Monthly Archives: January 2015

Goodbye, Mario Cuomo

Mario Cuomo at WAMC

Mario Cuomo died yesterday. In many ways, he’s already been forgotten, eclipsed by the tumultuous 20 years since he left office, and by the daily attention garnered by his son, current governor Andrew Cuomo. For me, though, Mario was the politician I’ve most admired in 50 years of paying attention to politics and government. My recurring pipe dream was sitting down with him for a one-to-one conversation on politics and societal obligation. Fortunately, I and others could get that by proxy by listening to his conversations with Alan Chartock on WAMC radio’s weekly “Capitol Connection”.

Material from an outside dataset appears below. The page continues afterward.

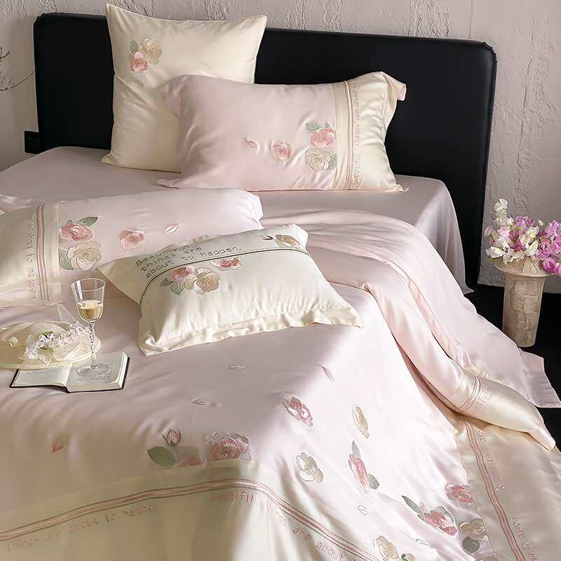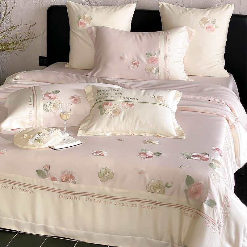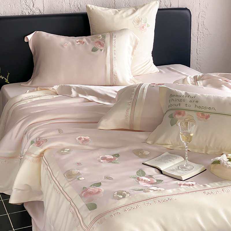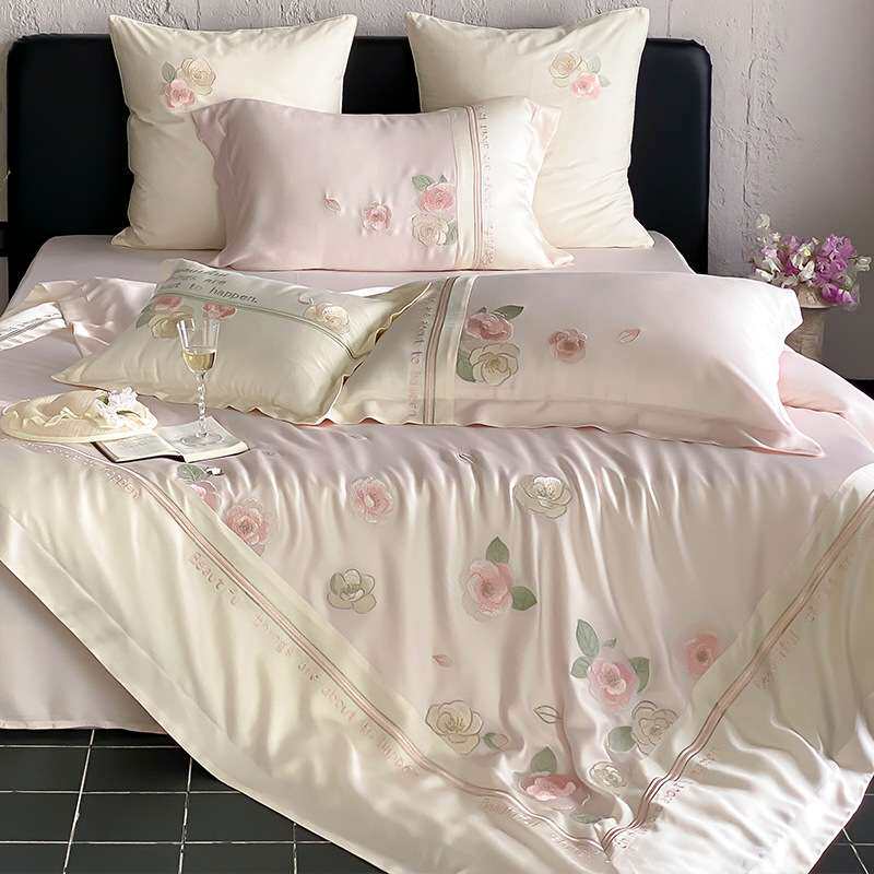 夏季少女心凉感冰丝四件套冰丝刺绣被套罩床单公主风粉色床上用品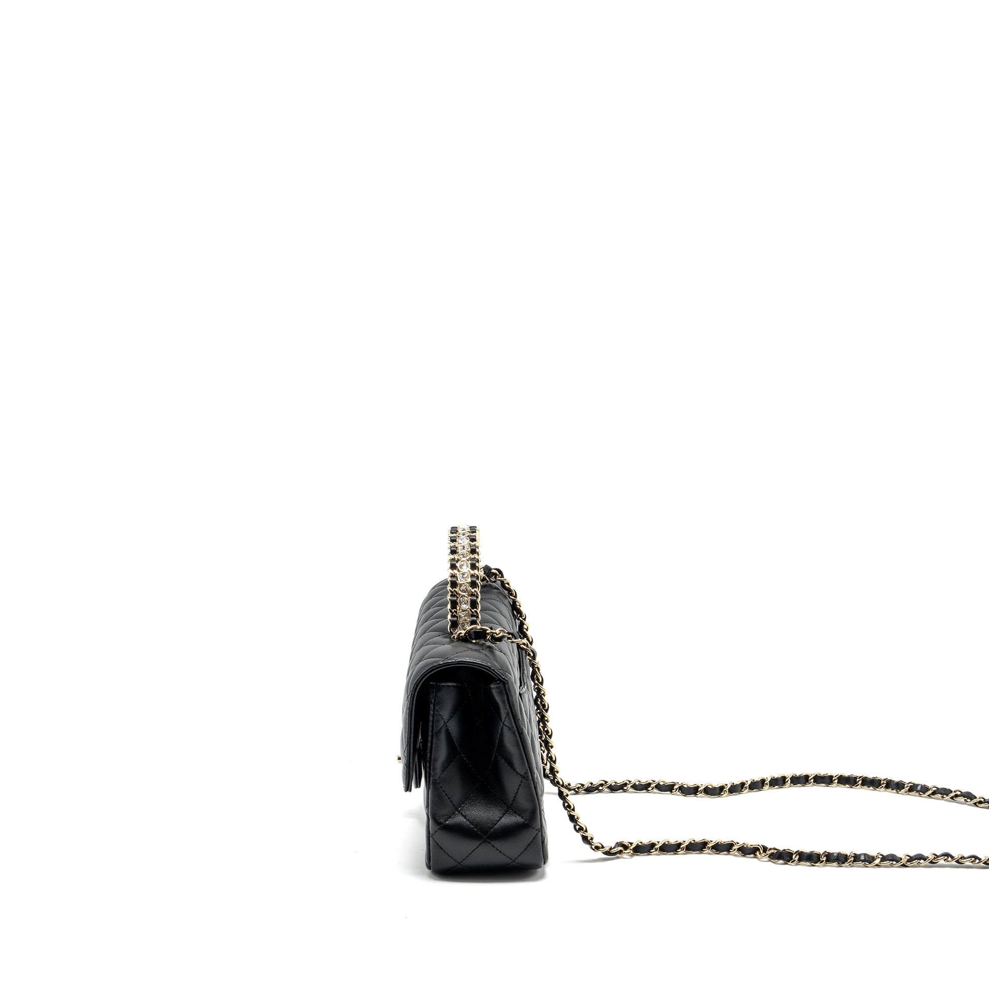 Chanel Crystal Detailed Top Handle Flap Bag Lambskin Black GHW (Microchip)

No governor before, and especially since, has ever spent so much time talking directly to his constituents, articulately defending his liberal, compassionate view of government’s role in society. He was also the only governor to appear on a regular call-in show, on WCBS radio. In today’s high stakes image contests and “Gotcha!” attacks, unscripted appearances can be politically fatal. Mario Cuomo obviously never worried about that.

As governor during New York’s problem-filled era of 1983-1994 (crack, AIDS, crime, homelessness) he dealt with a very difficult financial and political environment. He had many notable, but not well known, policy successes, but times were hard and choices were hard. His initiatives were often stymied, from both sides of the aisle, by New York’s famously fractious, corrupt, and self serving legislators.

I always saw Mario Cuomo as the smartest politician in the room. Whether you agreed with his position or not, he always made an intelligent, persuasive case for it. He cared about people, and never appeared to succumb to the temptation of personal power — a true public servant.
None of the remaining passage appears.